The Eighth Court held that Father was not disqualified from pursuing a restricted appeal merely because he filed a bill of review. A bill of review is an independent action, not a post-judgment motion under Rule 329b, and it does not extend plenary power or defeat one of the jurisdictional prerequisites for restricted-appeal review.

The court further held that Father failed to show reversible error on the face of the record. His attacks on substituted service, the return of service, the Certificate of Last Known Address, the Declaration of Military Status, and notice of judgment failed because the key documents were not part of the appellate record and thus could not be considered. On that basis, the default final order modifying the parent-child relationship was affirmed.

Practical Application

For Texas family-law litigators, the decision has two strategic lessons.

First, when representing the defaulted party, do not assume you must choose between a restricted appeal and a bill of review. Subject to the facts and deadlines, both avenues may remain available because a bill of review is not a post-judgment motion that destroys restricted-appeal eligibility. That matters in SAPCR modifications, enforcement cases, and default divorces where service problems may exist but the client did not participate in the final hearing.

Second, the case is a stark reminder that appellate theory is useless without an appellate record.
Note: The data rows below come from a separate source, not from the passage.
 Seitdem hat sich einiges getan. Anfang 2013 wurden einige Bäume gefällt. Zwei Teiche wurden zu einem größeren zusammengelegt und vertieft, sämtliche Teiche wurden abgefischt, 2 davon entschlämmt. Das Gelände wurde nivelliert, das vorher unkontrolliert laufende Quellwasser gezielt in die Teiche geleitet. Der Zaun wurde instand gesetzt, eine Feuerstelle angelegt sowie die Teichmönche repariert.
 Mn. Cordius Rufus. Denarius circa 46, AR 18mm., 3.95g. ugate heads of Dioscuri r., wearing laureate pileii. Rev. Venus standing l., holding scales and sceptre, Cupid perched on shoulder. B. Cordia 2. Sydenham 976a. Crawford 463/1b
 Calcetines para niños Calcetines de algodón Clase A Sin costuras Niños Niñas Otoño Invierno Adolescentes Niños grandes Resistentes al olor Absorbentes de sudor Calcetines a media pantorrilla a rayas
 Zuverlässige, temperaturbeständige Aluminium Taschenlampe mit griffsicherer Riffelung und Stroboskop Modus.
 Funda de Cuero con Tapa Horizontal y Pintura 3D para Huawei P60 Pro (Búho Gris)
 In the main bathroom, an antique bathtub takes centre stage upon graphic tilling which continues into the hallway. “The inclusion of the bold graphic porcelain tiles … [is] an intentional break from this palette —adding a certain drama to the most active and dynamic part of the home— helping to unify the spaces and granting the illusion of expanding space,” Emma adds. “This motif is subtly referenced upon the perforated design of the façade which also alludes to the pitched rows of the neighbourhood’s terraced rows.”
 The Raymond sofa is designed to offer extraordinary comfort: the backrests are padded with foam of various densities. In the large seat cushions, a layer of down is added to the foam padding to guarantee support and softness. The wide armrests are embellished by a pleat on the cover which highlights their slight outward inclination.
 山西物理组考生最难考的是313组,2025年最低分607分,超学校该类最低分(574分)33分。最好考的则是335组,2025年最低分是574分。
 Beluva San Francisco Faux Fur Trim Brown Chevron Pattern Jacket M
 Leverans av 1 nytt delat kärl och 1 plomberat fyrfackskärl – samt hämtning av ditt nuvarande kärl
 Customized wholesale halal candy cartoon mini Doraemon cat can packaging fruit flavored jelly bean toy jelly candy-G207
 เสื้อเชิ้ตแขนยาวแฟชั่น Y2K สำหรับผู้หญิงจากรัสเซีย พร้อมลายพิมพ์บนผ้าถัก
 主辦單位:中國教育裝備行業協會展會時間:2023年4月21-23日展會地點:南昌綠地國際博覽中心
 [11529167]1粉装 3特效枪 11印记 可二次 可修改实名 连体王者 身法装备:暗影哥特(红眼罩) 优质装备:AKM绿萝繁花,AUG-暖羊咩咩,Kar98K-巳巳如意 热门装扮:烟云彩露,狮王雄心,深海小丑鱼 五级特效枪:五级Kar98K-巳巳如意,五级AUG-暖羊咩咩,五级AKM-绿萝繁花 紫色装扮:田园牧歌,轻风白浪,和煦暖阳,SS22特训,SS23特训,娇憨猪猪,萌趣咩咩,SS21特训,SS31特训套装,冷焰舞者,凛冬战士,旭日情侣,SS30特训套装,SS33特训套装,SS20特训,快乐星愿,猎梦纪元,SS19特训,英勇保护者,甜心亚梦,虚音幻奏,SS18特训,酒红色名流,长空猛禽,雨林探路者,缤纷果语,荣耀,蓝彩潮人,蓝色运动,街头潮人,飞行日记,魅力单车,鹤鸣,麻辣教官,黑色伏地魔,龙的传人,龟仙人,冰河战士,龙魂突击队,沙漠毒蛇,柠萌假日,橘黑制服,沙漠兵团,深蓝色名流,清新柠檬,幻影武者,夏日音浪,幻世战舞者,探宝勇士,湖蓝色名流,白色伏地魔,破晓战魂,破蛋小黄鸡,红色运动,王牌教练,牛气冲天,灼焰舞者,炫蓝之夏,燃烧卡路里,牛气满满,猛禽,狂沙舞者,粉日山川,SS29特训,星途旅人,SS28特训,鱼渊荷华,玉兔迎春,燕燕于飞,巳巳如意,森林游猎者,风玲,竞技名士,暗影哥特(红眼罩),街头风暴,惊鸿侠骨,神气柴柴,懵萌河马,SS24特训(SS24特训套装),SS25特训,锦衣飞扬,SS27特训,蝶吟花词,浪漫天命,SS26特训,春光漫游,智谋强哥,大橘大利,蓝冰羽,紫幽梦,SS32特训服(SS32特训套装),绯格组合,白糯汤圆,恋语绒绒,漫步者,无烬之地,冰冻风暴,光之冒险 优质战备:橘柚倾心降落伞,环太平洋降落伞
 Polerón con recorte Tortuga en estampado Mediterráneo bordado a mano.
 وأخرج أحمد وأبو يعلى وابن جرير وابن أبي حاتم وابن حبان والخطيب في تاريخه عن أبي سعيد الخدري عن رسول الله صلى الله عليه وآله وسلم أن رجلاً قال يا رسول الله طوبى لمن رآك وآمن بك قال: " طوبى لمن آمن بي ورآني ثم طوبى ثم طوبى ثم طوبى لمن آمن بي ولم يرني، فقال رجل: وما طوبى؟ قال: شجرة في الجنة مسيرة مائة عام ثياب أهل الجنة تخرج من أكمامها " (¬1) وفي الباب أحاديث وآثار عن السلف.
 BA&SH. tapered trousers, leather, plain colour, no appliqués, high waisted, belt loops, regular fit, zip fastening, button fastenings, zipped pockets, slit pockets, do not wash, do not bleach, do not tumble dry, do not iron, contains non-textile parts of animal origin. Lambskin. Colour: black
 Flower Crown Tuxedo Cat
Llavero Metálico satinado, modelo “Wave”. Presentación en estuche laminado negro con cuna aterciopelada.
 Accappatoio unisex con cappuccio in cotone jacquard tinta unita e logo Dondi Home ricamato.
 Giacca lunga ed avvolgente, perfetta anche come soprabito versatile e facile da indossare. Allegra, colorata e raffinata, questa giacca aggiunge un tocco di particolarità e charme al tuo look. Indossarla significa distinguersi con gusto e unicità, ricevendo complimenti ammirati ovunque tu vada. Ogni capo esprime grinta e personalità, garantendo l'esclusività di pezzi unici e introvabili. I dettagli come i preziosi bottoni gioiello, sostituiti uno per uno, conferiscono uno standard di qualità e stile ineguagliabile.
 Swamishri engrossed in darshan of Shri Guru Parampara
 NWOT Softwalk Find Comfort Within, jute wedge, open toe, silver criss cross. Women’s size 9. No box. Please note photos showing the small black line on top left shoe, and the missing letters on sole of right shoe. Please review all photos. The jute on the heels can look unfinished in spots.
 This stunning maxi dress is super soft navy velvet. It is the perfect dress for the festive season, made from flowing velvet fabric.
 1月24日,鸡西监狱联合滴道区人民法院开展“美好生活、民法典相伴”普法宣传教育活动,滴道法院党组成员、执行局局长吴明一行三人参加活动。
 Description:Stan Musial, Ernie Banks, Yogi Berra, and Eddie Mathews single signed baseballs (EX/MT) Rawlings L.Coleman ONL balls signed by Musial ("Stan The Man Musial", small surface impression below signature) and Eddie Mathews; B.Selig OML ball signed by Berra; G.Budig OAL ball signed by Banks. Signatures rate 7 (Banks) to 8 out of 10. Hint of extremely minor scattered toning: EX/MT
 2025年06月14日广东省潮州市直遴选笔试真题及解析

If you intend to attack a default order based on substituted service, defective proof of service, noncompliance with the Servicemembers Civil Relief Act-related filing practice, or lack of clerk’s notice, you must ensure the clerk’s record actually contains the operative documents. In family-law practice, especially where associate judges, e-filing workflows, out-of-state service, and multiple related pleadings are involved, omissions from the record are common. Appellate counsel should not merely review the file; they should verify that every necessary document has been requested, filed, and transmitted.

For the party seeking default relief, this opinion is equally useful. If you obtain a default modification or enforcement order, your best protection on appeal is a meticulous clerk’s record: motion for substituted service, supporting affidavit or declaration, signed order authorizing substituted service, executed return strictly complying with Rule 107, Certificate of Last Known Address, military-status affidavit or declaration, prove-up materials, and any judgment-notice documents. The more complete the file, the harder it will be for the nonappearing party to manufacture an appellate complaint.

Checklists

Protecting a Default Modification Order

Evaluating a Restricted Appeal for the Nonappearing Party

Avoiding Record-Based Defeat on Service Complaints

Coordinating Restricted Appeal and Bill of Review Strategy

Citation

In the Interest of I.J.W. and M.R.W., Children, No. 08-25-00116-CV, 2026 WL ___ (Tex. App.—El Paso Apr. 15, 2026, no pet.) (mem. op.).